Would you write out the listing verbatim and skip every picture in it?

=== Provided material ===
........

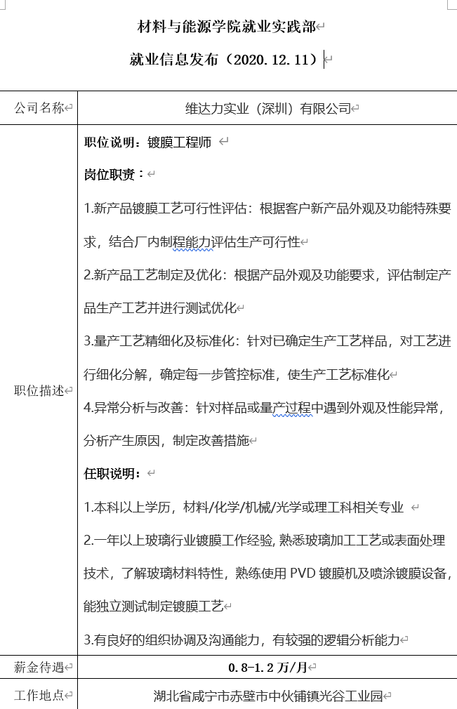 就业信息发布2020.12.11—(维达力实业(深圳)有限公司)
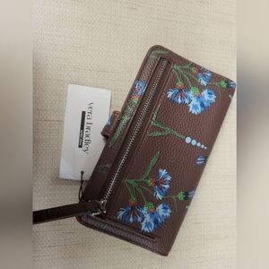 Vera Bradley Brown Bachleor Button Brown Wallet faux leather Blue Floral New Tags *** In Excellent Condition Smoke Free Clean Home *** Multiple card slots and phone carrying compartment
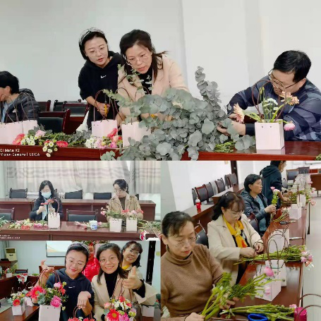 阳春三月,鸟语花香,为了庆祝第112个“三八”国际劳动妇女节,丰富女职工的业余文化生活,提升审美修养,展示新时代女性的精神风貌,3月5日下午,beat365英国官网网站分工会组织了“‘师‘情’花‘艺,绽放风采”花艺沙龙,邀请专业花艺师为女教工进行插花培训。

........

=== Solution ===
 就业信息发布2020.12.11—(维达力实业(深圳)有限公司)
 Vera Bradley Brown Bachleor Button Brown Wallet faux leather Blue Floral New Tags *** In Excellent Condition Smoke Free Clean Home *** Multiple card slots and phone carrying compartment
 阳春三月,鸟语花香,为了庆祝第112个“三八”国际劳动妇女节,丰富女职工的业余文化生活,提升审美修养,展示新时代女性的精神风貌,3月5日下午,beat365英国官网网站分工会组织了“‘师‘情’花‘艺,绽放风采”花艺沙龙,邀请专业花艺师为女教工进行插花培训。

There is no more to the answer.